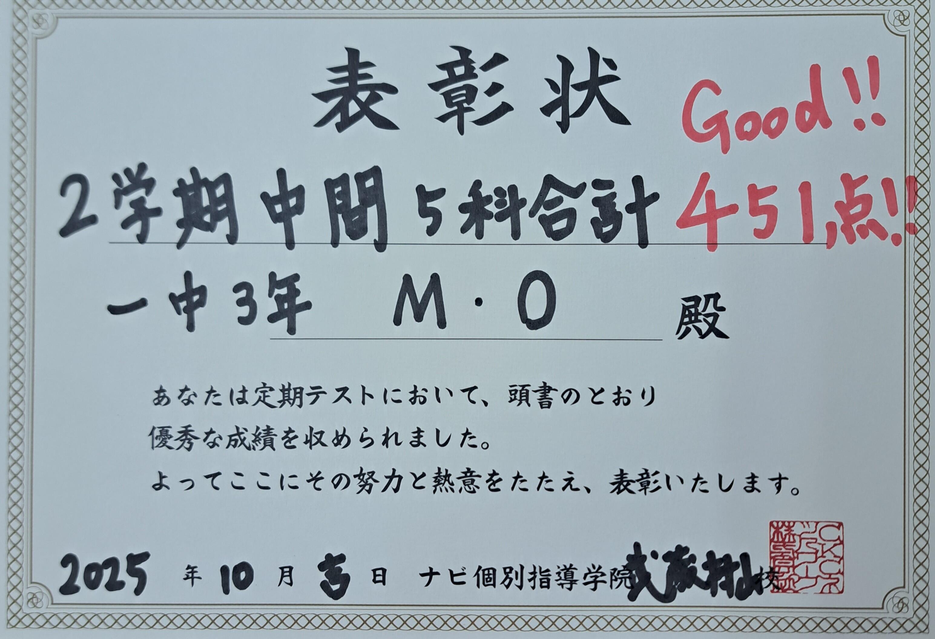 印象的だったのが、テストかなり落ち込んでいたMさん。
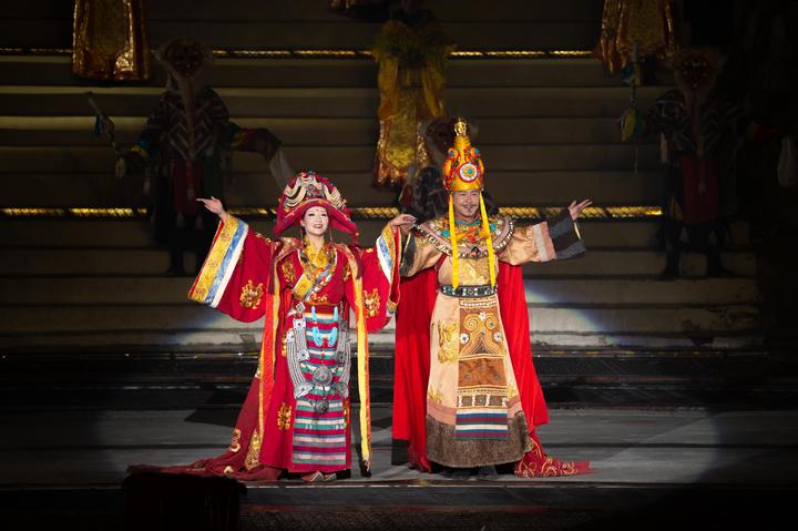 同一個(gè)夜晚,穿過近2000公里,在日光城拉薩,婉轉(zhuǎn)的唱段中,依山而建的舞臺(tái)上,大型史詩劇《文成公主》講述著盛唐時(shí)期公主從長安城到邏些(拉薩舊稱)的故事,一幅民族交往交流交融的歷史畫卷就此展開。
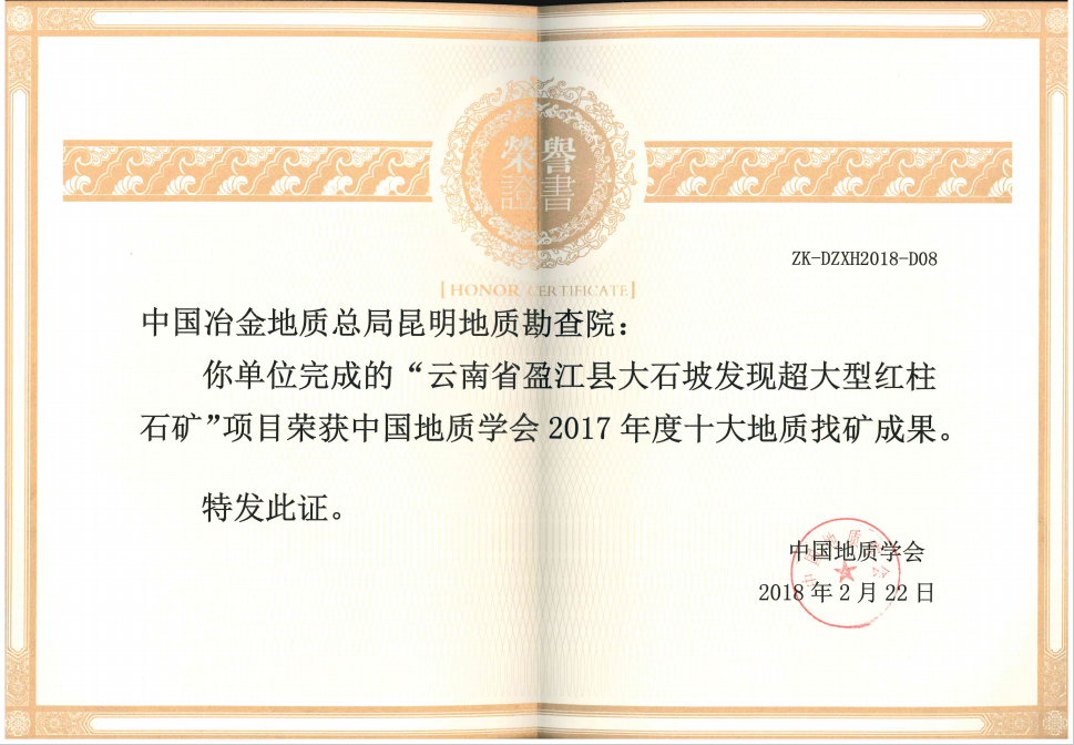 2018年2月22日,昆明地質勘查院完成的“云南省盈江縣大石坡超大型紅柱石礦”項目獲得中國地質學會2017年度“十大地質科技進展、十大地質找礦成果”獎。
+ + + +
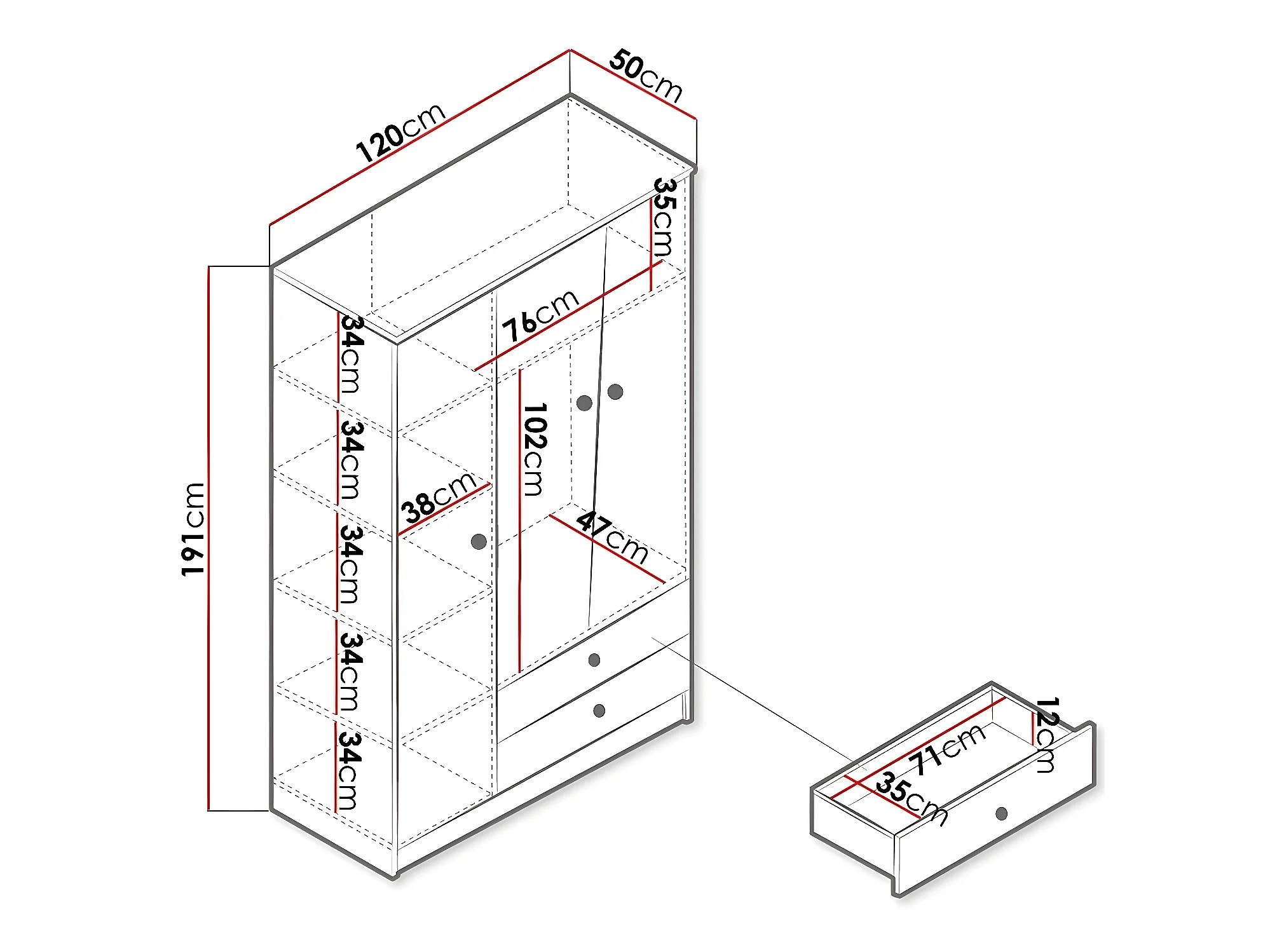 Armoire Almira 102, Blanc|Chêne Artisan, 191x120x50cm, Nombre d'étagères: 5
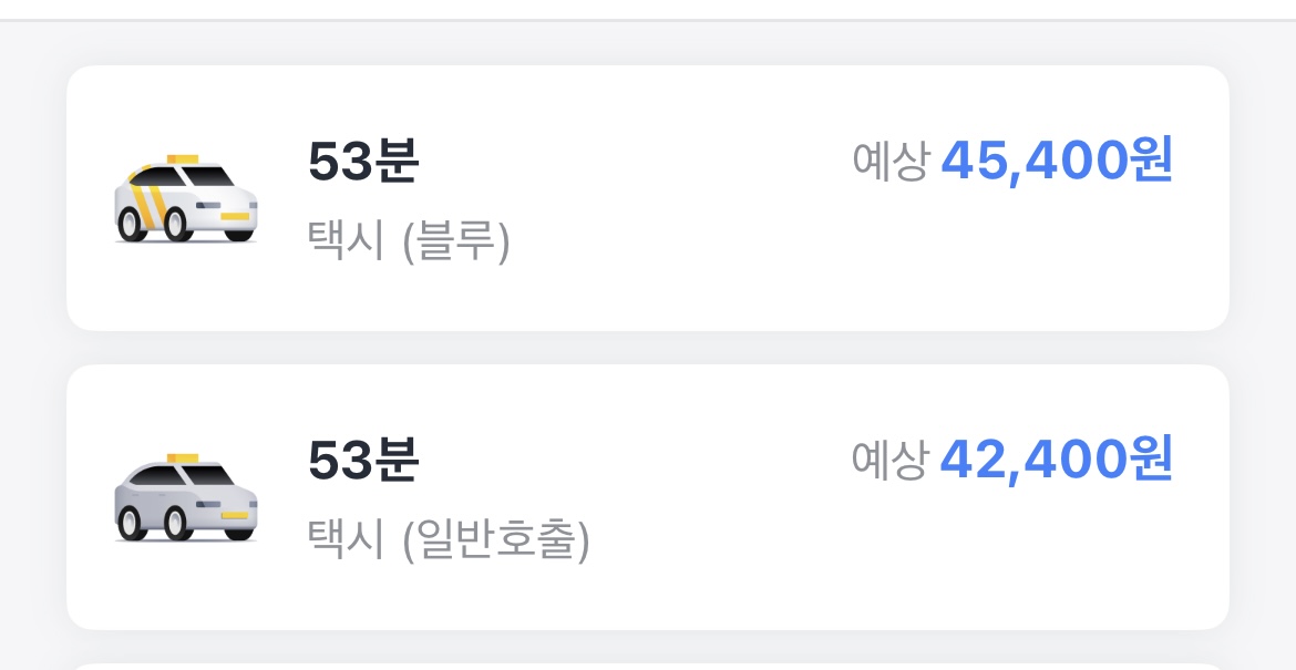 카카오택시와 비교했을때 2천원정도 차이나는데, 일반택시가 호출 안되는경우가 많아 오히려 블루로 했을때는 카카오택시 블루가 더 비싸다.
+ + + +
**Task requirements**
Nothing but the lines from the one containing "Armoire Almira 102, Blanc|Chêne" through the one containing "카카오택시와 비교했을때 2천원정도" should appear, copied exactly from the material above and without pictures.

**Result**
 Armoire Almira 102, Blanc|Chêne Artisan, 191x120x50cm, Nombre d'étagères: 5
 카카오택시와 비교했을때 2천원정도 차이나는데, 일반택시가 호출 안되는경우가 많아 오히려 블루로 했을때는 카카오택시 블루가 더 비싸다.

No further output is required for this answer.